NCAA tournament appearances
- 2003, 2004, 2005, 2007, and 2010 (NAIA), 2012

= William Jewell Cardinals women's soccer =

American college soccer team

The William Jewell Cardinals women's soccer team represents William Jewell College and competes in the Great Lakes Valley Conference (GLVC) of NCAA Division II. Playing their home games at Greene Stadium on the campus of William Jewell College in Liberty, Missouri.

== History ==
Prior to the 2011 season the Cardinals competed in the National Association of Intercollegiate Athletics (NAIA) as a member of the Heart of America Athletic Conference (HAAC).

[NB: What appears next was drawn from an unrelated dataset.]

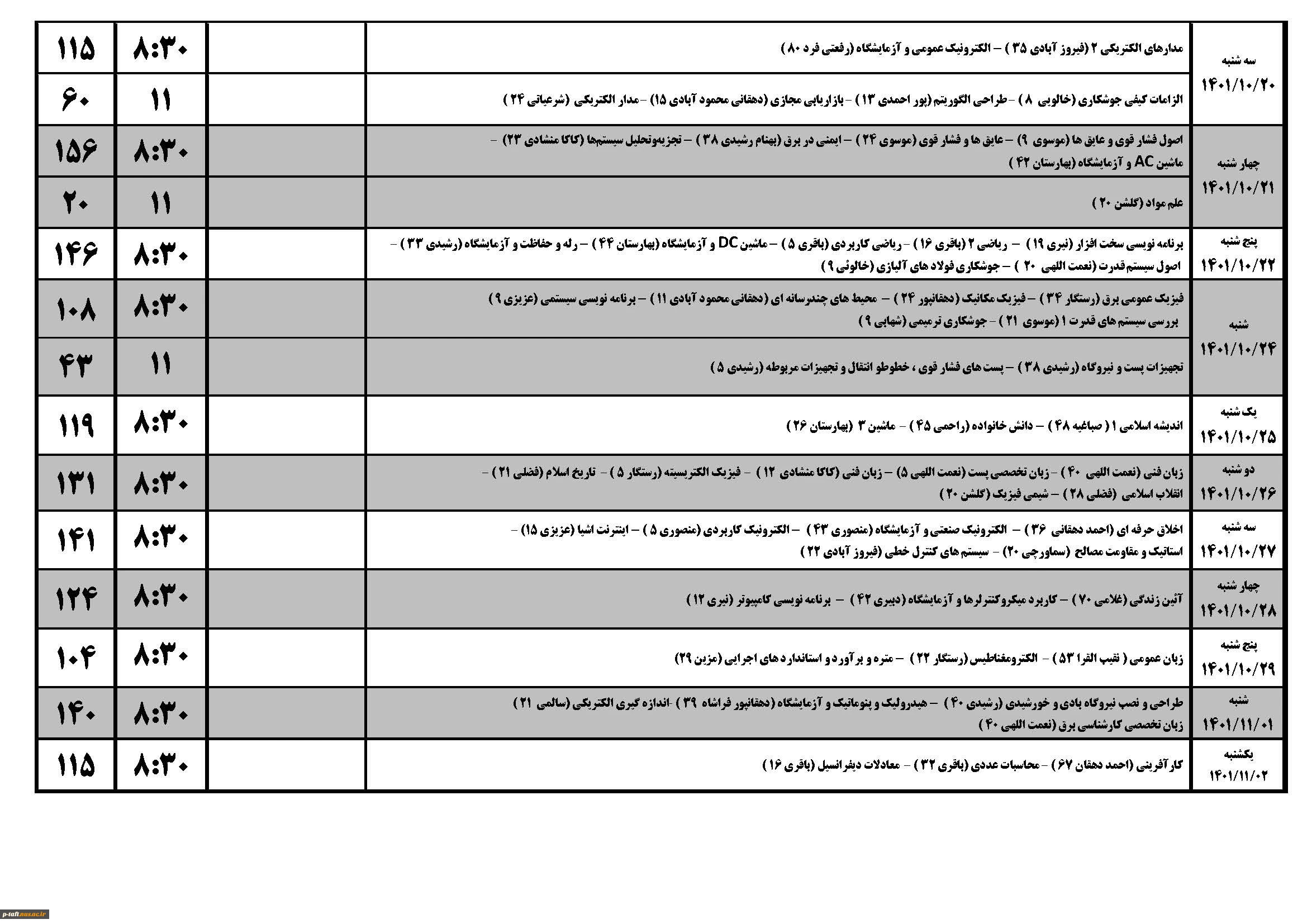 برنامه امتحانات پایان ترم نیمسال اول 1402-1401 5

In 2007 The university began the four year transition process to NCAA Division II. The Cardinals women's soccer team received bids to the NAIA National Soccer Championship Tournament in 2003, 2004, 2005, 2007, and 2010. In addition the Cardinals advanced to the NAIA National Final Four in 2003 and NAIA National Elite Eight in 2010. In 2011 the Cardinals will begin competing as a member of Division II in the Great Lakes Valley Conference (GLVC).

== Coaching staff ==
The Cardinals are coached by Jefferson Roblee. The Cardinals's staff also includes assistant coach Josh Howard and goalkeeper coach Brad Anderson.

== All Americans ==
William Jewell has had eight NAIA All-American soccer players:
- Sarah Franklin (2010 3rd team, forward)
- Nicole Revenaugh, (2007 1st team, forward)
- Shanon Eberle (2007 2nd team, midfielder)
- Theresa Noll (2007 3rd team, defender)
- Allison Mallams, (2003 1st team, forward)
- Sydney Boggess (2003 2nd team, defender)
- Kristin Neher (2003 2nd team, forward)
- Kristin Neher (2001 2nd team, forward)

===Academic All-American===
William Jewell has had two NSCAA Academic All-American soccer players:
- Danielle Doerfler (2010, 3rd Team midfielder)
- Nicole Revenaugh (2007, 1st Team forward)

=== CoSIDA/ESPN THE MAGAZINE Academic All District ===
Midfielder, Danielle Doerfler became the program's first CoSIDA/ESPN The Magazine Academic All District award winniner in 2009 when she earned a spot on the 3rd Team.